Royal Roads student association president Lindsey Poepping kick-started the university’s bid for a U-Pass into gear in March. By August RRU undergrads were in the program.

Driven RRU student leaves a transit legacy

Lindsey Poepping came to Royal Roads University to finish her degree in communications, but managed to leave behind a legacy of affordable transit for students.

Lindsey Poepping came to Royal Roads University to finish her degree in communications, but managed to leave behind a legacy of affordable transit for students.

BC Transit opened its U-Pass program to Royal Roads students in August, barely six months after Poepping made a phone call to transit CEO Manuel Achadinha.
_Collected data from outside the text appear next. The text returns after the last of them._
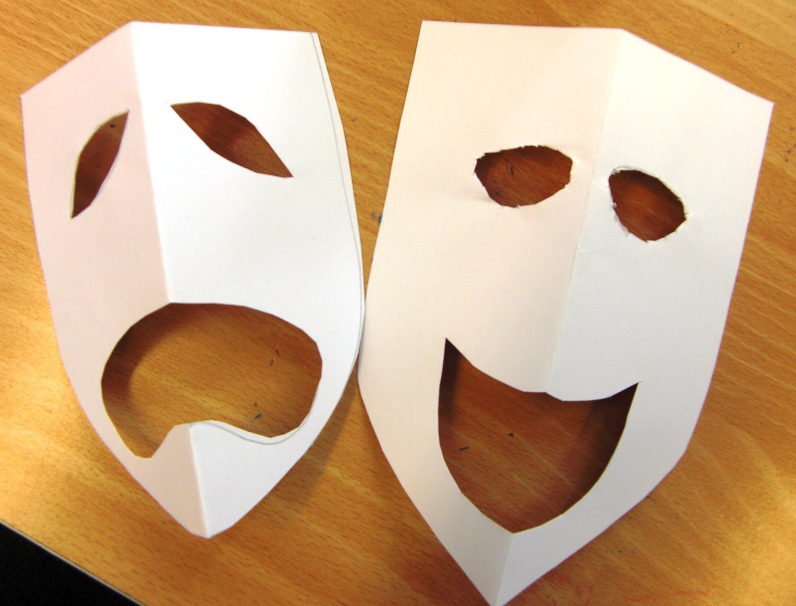 - Нарисовать по размеру лица маску, по форме напоминающую перевернутую грушу. На верней части маски сделать два надреза глубиной 2 см. Вырезать отверстия для глаз.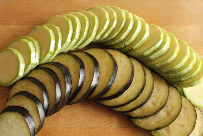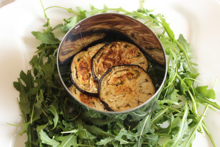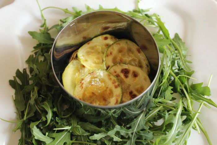 Поставить по центру кольцо. Выложить колечки кабачка и баклажана, чередуя слои.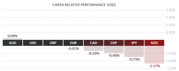 По итогам недели почти все основные валюты продемонстрировали снижение. Наибольший спад по отношению к доллару США показал новозеландский доллар (-1,17%). Меньшее падение зафиксировали японская иена (-0,73%), швейцарский франк (-0,48%) и канадский доллар (-0,33%). Почти без изменений завершили неделю евро (-0,01%) и фунт (0,0). Вырос только австралийский доллар (+0,09%).

“I called up Manuel and asked what do we need to do to get the U-Pass?” said the 23-year-old president of the RRU Student Association. “I said we’ve got the students, you’ve got the buses. Let’s set something up.”

The student association quickly organized a referendum in the spring asking if students would be willing to fund a U-Pass — 83 per cent gave it a thumbs up. The first undergraduate cohort in August had $250 tacked to their fees for the full year of bus passes. Twelve months of bus passes for post-secondary would normally cost about $900.
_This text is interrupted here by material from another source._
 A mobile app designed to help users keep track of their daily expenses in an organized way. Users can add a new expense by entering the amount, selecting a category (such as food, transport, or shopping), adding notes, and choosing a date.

“Without Lindsey this wouldn’t have happened. Royal Roads implemented the U-Pass with lightning speed,” Achadinha said during a U-Pass kickoff ceremony last week at RRU. “This is the quickest U-Pass program we’ve ever implemented. That says a lot for this institution.”

The U-Pass at Royal Roads was likely inevitable as it expands undergraduate programs that draw students from other institutions, such as the University of Victoria and Camosun.

Poepping said she was used to having a U-Pass when she attended UVic, a common sentiment from RRU undergrads completing third and fourth year. One student sent in a letter asking for a U-Pass earlier this year, and the ball started rolling from there.

“Most of the undergraduates come from other institutions, and the majority have a U-Pass. Once you have it, it’s hard to give up,” Poepping said. “Once we got that one letter, we we started asking around and hearing a lot more grumbling from students.”

Students got their U-Pass, but RRU isn’t exactly a transit hub. The No. 39 Royal Roads is the only bus that enters the campus and the No. 52 Wishart community bus rolls along Sooke Road.

RRU vice-president Steve Grundy admits it’s a catch-22 — students won’t use a U-Pass without a high level of service, but BC Transit won’t provide service without demand.

On the other hand, the university has to find ways to chip away at 93 per cent of its students accessing the campus via a single occupancy vehicle.

“We need a critical mass of students. The tricky part is about demand and service,” Grundy said. “Fortunately the students went for the U-Pass program. We’re hoping over time BC Transit will improve service for the campus.”

The RRU U-Pass program will benefit a few hundred students now, and will grow as the university expands longer residency programs. Achadinha said BC Transit tracks usage and ridership closely. UVic and Camosun tripled student ridership after bringing in the U-Pass.

“Every institution does the same. It really takes off,” he said. “And from a student point of view, they don’t have to worry about a car. These bus passes really help students financially.”